Tribunal reforms: A north-south divide?
Author: Kenny Scott
Applies to: England, Wales and Scotland
There is already a significant difference in Employment Tribunal (ET) procedure north and south of the border and there is more to come!
To take some examples, in Scotland written witness statements are not used; witnesses are excluded from the ET hearing until they have given evidence; there is not the same concept of 'disclosure'; there are separate practice directions; different civil procedure rules at play; usually no separate remedies hearing and different rules of authority such as the decisions of the Court of Session being binding.
Two recent proposals suggest a widening of this gap over the next few years. We look at these proposals below and also consider if this might lead to so-called 'forum shopping' in the near future.
The Scottish Government is proposing to scrap ET fees. At the moment, a claimant in Scotland or England with an unfair dismissal claim needs to pay £1,200 in fees before stepping in the tribunal door for the main hearing.
It is widely accepted that the introduction of fees in 2013 has resulted in a significant drop (around 60% by most conservative surveys) in claims being brought. Unison's latest challenge to the fees regime was rejected by the Court of Appeal and we await the outcome of two reviews into the fee system being undertaken by the Government and the Commons Justice Select Committee respectively.
The detail behind the Scottish Government's proposals are still awaited. It should also be noted that the Smith Commission proposes responsibility for the management and operation of ETs in Scotland be transferred to the Scottish Parliament which is likely to lead to yet further divergence when the Scotland Bill is enacted.
England and Wales
Shortly after the Scottish Government's announcement, the Law Society of England and Wales published a discussion document, 'Making employment tribunals work for all. Is it time for a single employment jurisdiction?' The paper recognises that as employment law has increased in complexity and scope there has not been accompanying reform of the ET system which started out as being a non-legal forum where individuals could largely represent themselves. The reality now of course being almost the polar opposite, particularly in complex discrimination claims.

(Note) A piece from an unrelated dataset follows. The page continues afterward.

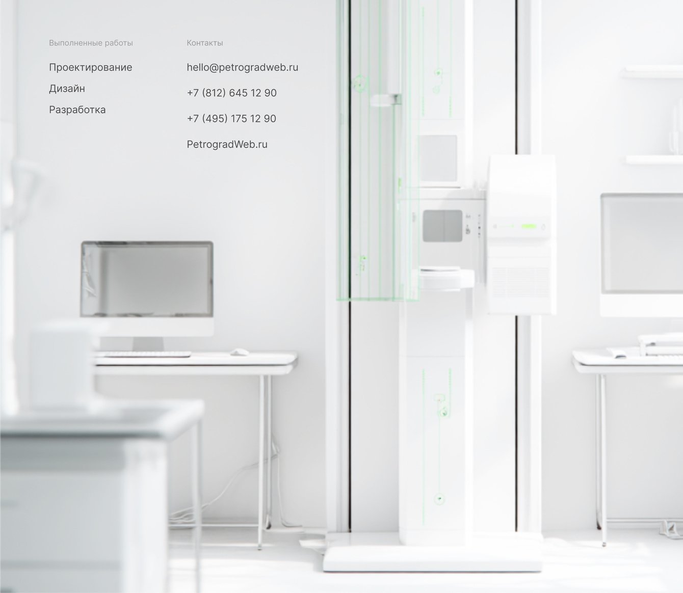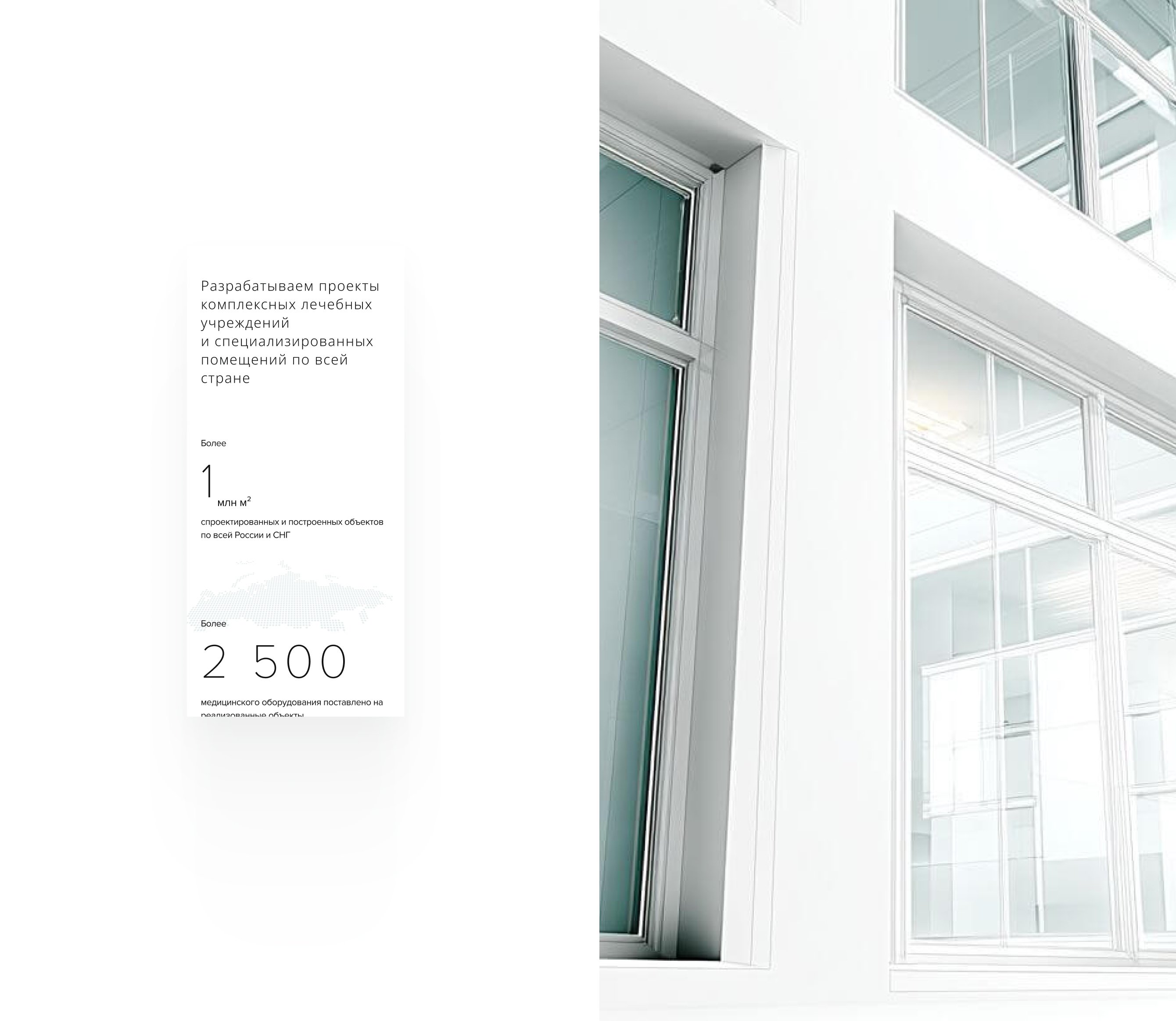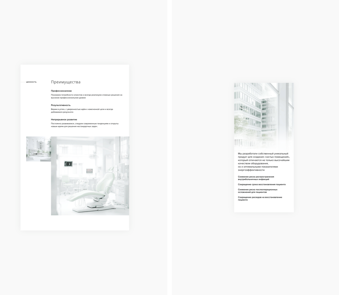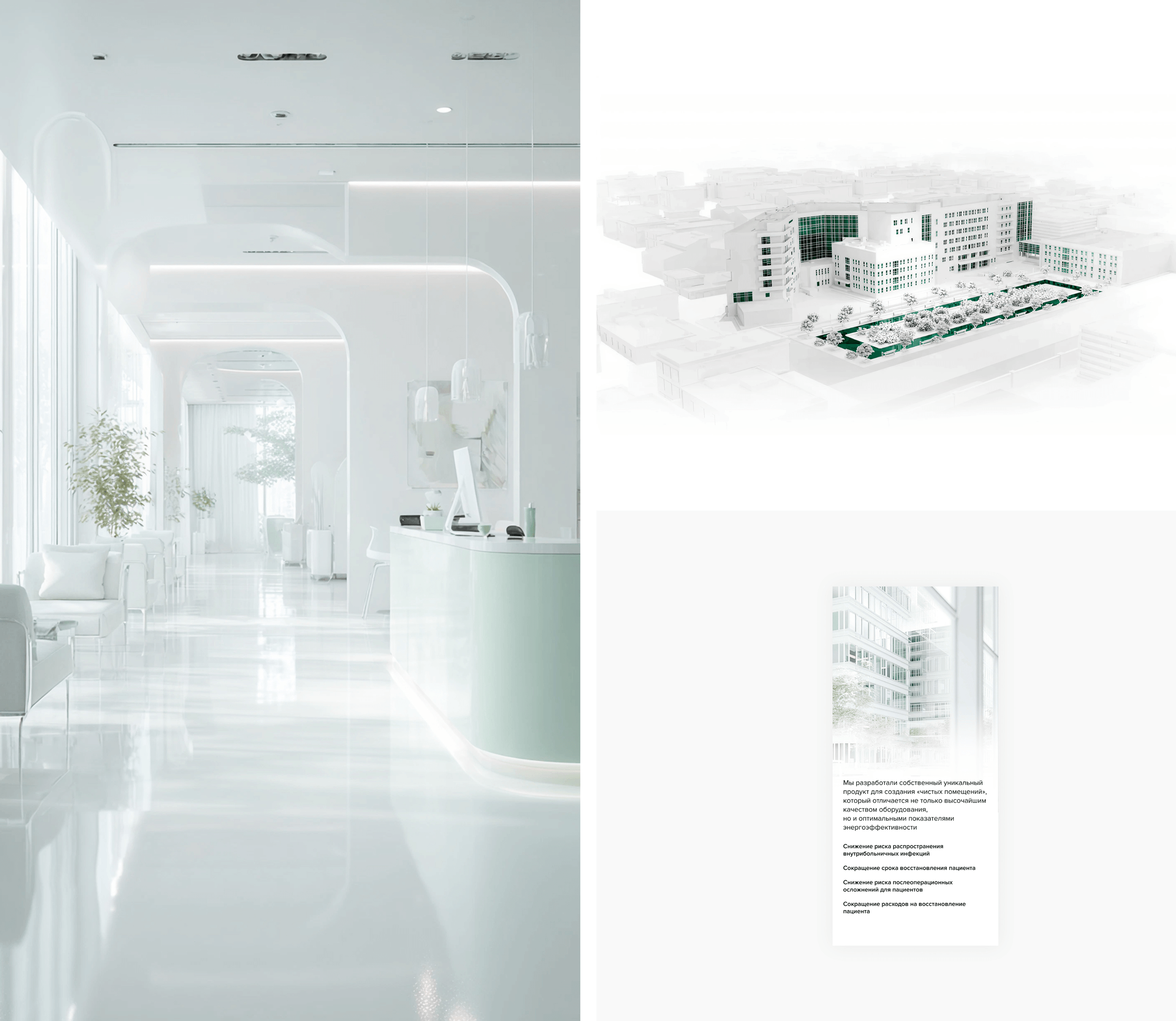 ● делает визуальный акцент на ценностях и ключевой компетенции – чистых комнатах и высокотехнологичных медицинских объектах;

The paper further recognises the confusion and overlap in terms of where certain claims can be brought. Contract based claims can only be brought in the ET after employment has ended and the damages an ET may award in such cases capped at £25,000. Contract based claims during employment must be brought in the civil courts, where there is no cap on awards but a costs regime whereby the loser usually pays.
The paper focuses solely on the position in England and Wales and does not address the fundamentally different court system in Scotland.
In summary, the paper proposes:
- a single employment tribunal/court
- fees and procedure based on the complexity and value of the claim with cases allocated to one of four levels (see below) upon receipt by the ET 'gatekeeper'. Appeals against the allocation would be allowed
- consideration as to whether goods and services discrimination cases should also be dealt with by this single forum given the common underlying principles of law.
- promotion of alternative dispute resolution, including removing the £600 fee for judicial mediation and a revived ACAS arbitration scheme. One example being an 'early neutral evaluation' by an employment judge to highlight the strengths and weaknesses of a case and manage unrealistic expectations
- government reconsideration of the general prohibition on negotiated settlements for most government departments and agencies
Four level system
- Level 1: document based decision making e.g. for unpaid wages claims
- Level 2: judicial inquisitorial approach e.g. redundancy payments, failure to consult
- Level 3: majority of current ET claims but with early neutral evaluation and alternative dispute resolution
- Level 4: for employment cases usually heard under civil litigation principles e.g. post-termination restriction cases. Some of these cases would attract costs as if they were being heard in the civil courts
If we end-up with the current fee regime in England being retained or even a reduced fee regime, might claimants choose to bring their claim in the fee-free Scottish ETs? That could be done in the following scenarios:
- if the respondent to the claim or one of the respondents to the claim (usually the employer) resides or carries on business in Scotland;
- if the acts or omissions complained of took place in Scotland; or
- the work under the relevant contract is to be or has been performed partly in Scotland; or
- a residual category whereby the ET has jurisdiction due to a connection with Great Britain and the connection in question is at least partly a connection with Scotland.
Also of possible relevance is Rule 99 of the ET Rules, whereby there is presidential discretion to transfer claims started in one jurisdiction to the other where it would be 'more conveniently be determined.'
Interesting times ahead! We will bring you the relevant details as the proposals are developed.
This document is for informational purposes only and does not constitute legal advice. It is recommended that specific professional advice is sought before acting on any of the information given.